BEGIN Collected material
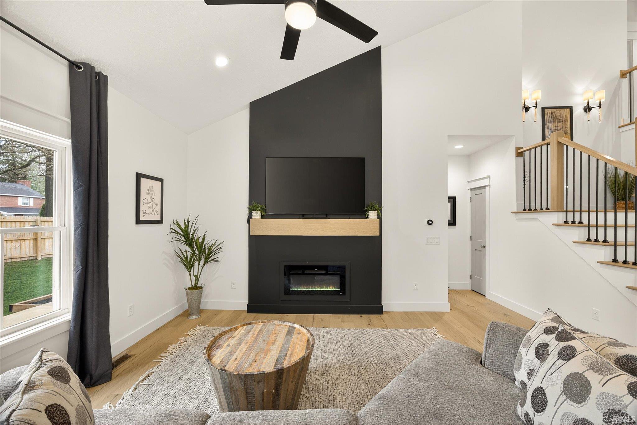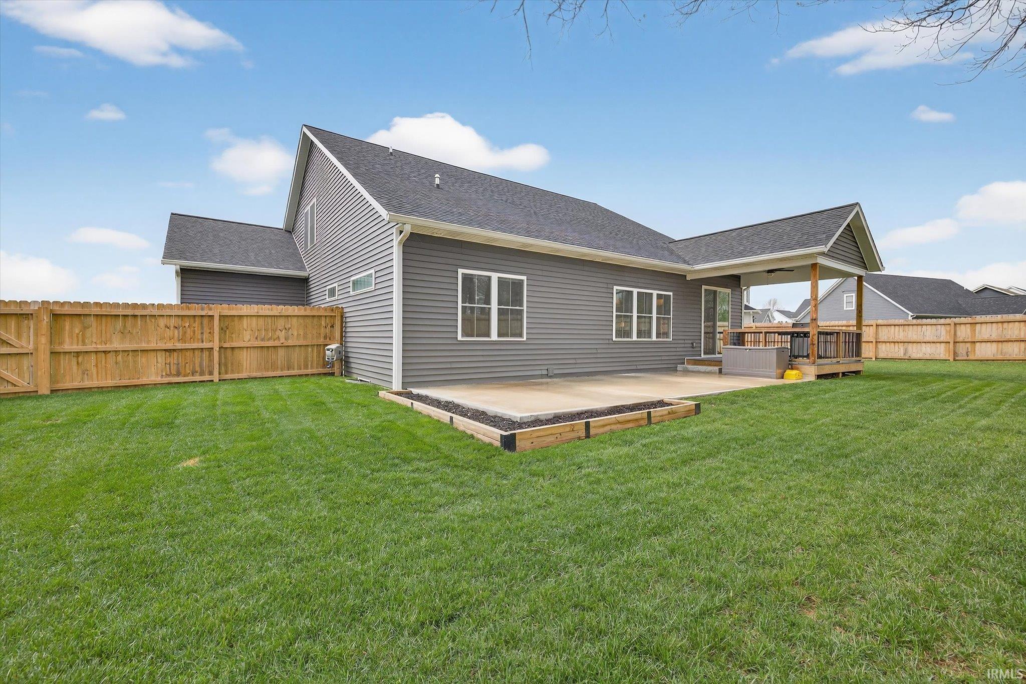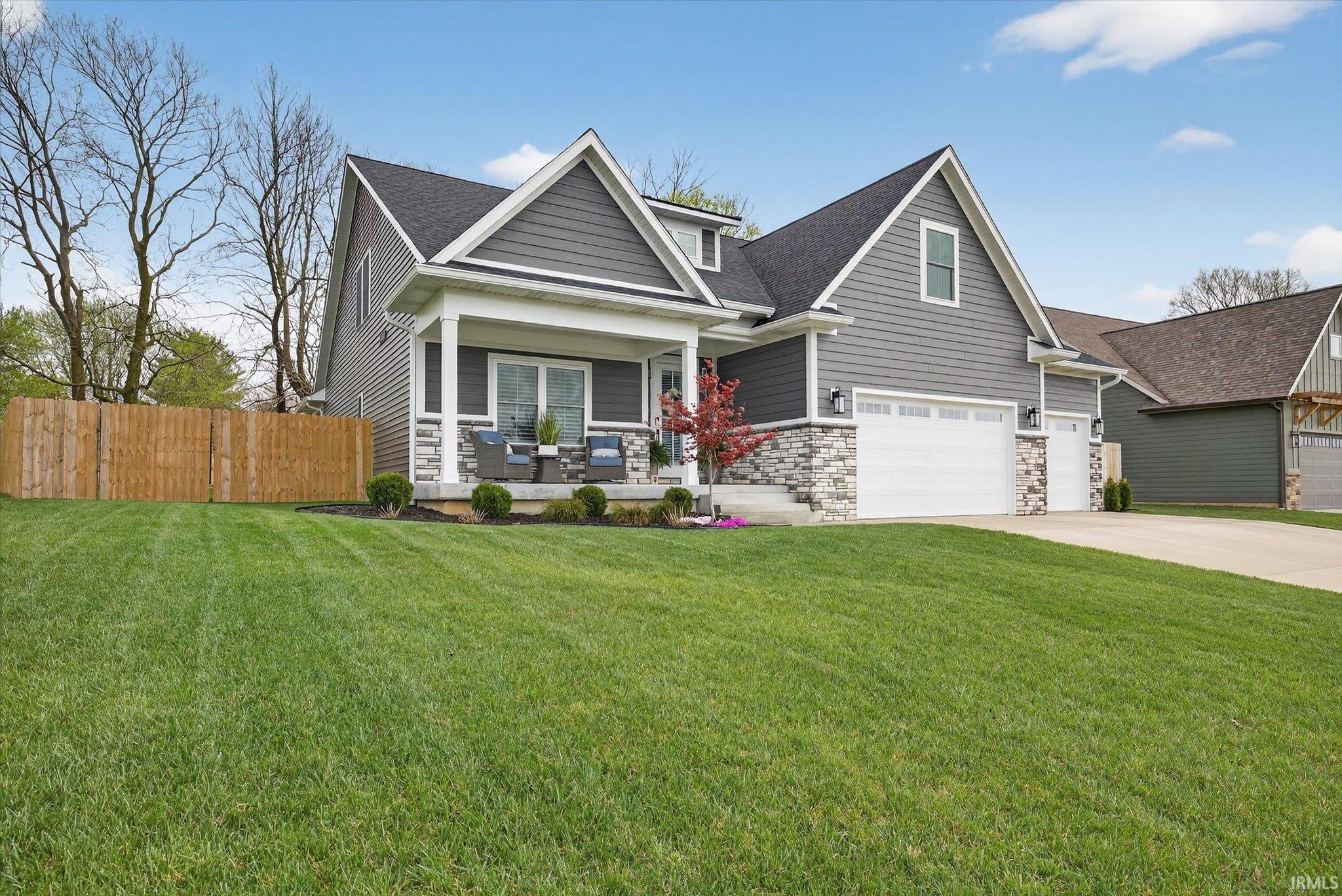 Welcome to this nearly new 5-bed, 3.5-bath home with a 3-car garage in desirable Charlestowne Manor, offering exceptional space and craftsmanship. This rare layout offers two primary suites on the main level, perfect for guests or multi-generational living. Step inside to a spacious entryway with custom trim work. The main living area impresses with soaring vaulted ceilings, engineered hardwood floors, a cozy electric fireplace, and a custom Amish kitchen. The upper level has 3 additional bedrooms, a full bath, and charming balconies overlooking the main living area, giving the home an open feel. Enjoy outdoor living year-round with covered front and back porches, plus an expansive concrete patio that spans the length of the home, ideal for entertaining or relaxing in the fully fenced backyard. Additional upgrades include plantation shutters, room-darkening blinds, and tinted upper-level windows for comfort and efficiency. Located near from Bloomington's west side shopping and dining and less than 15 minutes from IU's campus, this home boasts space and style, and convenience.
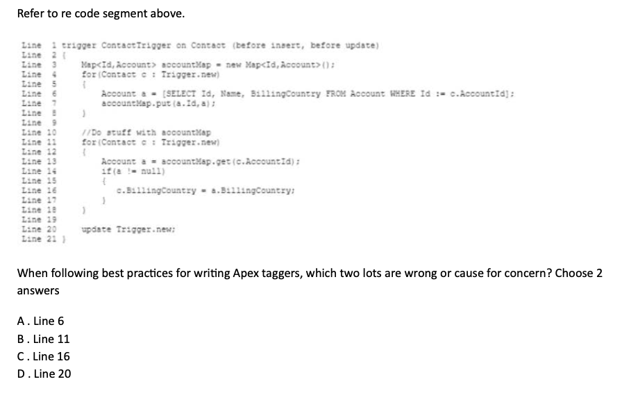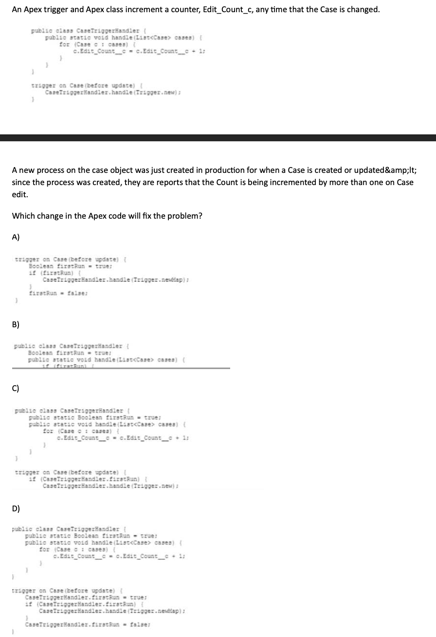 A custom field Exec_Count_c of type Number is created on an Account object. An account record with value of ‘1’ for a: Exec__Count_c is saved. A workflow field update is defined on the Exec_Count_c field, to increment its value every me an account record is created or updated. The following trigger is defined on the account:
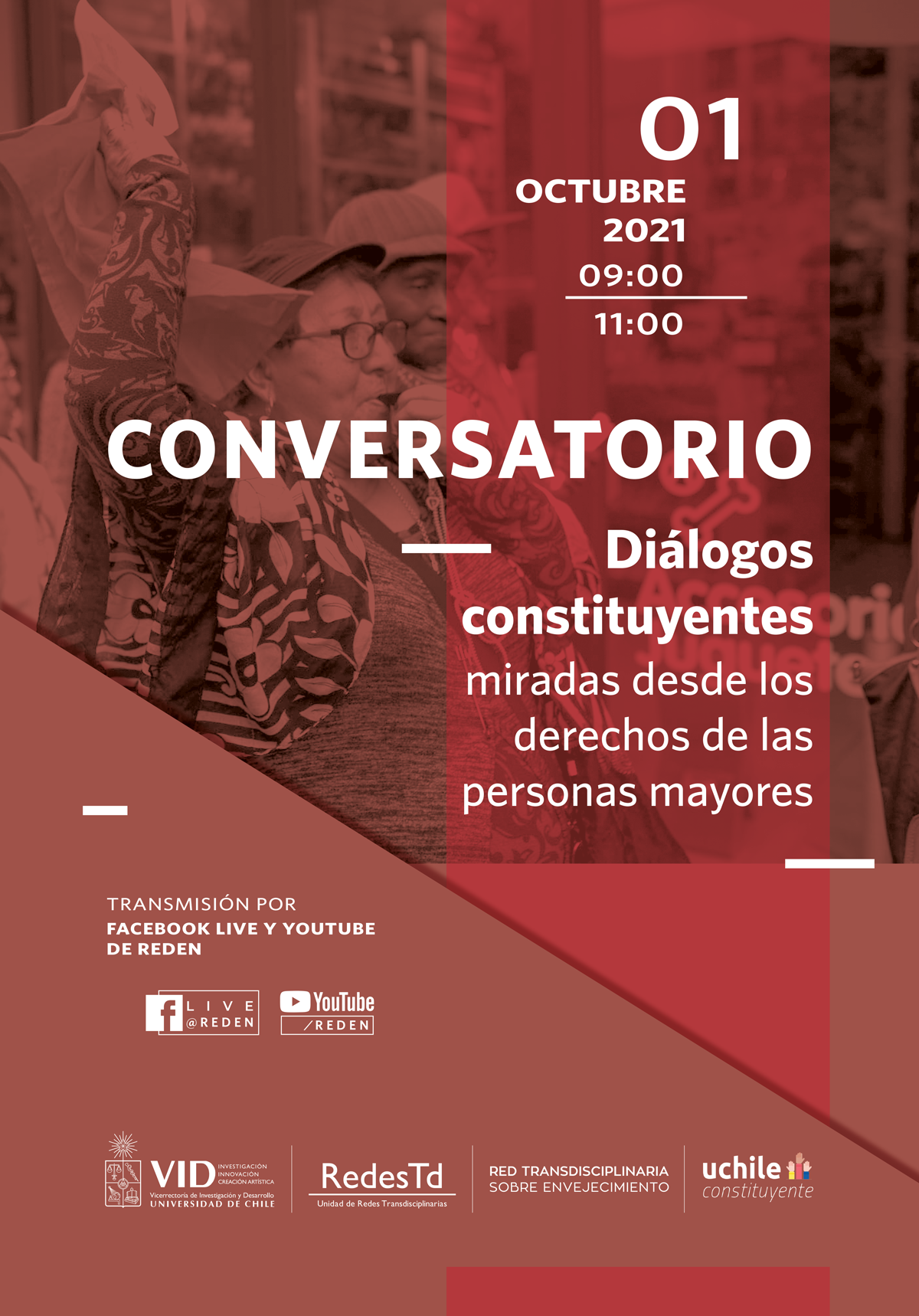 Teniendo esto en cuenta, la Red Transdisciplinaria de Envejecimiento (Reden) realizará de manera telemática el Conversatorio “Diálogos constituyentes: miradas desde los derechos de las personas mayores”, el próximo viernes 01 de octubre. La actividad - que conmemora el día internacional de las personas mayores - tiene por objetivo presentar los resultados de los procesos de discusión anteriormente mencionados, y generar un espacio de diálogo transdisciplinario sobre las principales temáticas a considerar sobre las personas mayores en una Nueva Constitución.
END Collected material
Repeat the material above in full and exactly, omitting the pictures.

### Exercise response
 Welcome to this nearly new 5-bed, 3.5-bath home with a 3-car garage in desirable Charlestowne Manor, offering exceptional space and craftsmanship. This rare layout offers two primary suites on the main level, perfect for guests or multi-generational living. Step inside to a spacious entryway with custom trim work. The main living area impresses with soaring vaulted ceilings, engineered hardwood floors, a cozy electric fireplace, and a custom Amish kitchen. The upper level has 3 additional bedrooms, a full bath, and charming balconies overlooking the main living area, giving the home an open feel. Enjoy outdoor living year-round with covered front and back porches, plus an expansive concrete patio that spans the length of the home, ideal for entertaining or relaxing in the fully fenced backyard. Additional upgrades include plantation shutters, room-darkening blinds, and tinted upper-level windows for comfort and efficiency. Located near from Bloomington's west side shopping and dining and less than 15 minutes from IU's campus, this home boasts space and style, and convenience.
 A custom field Exec_Count_c of type Number is created on an Account object. An account record with value of ‘1’ for a: Exec__Count_c is saved. A workflow field update is defined on the Exec_Count_c field, to increment its value every me an account record is created or updated. The following trigger is defined on the account:
 Teniendo esto en cuenta, la Red Transdisciplinaria de Envejecimiento (Reden) realizará de manera telemática el Conversatorio “Diálogos constituyentes: miradas desde los derechos de las personas mayores”, el próximo viernes 01 de octubre. La actividad - que conmemora el día internacional de las personas mayores - tiene por objetivo presentar los resultados de los procesos de discusión anteriormente mencionados, y generar un espacio de diálogo transdisciplinario sobre las principales temáticas a considerar sobre las personas mayores en una Nueva Constitución.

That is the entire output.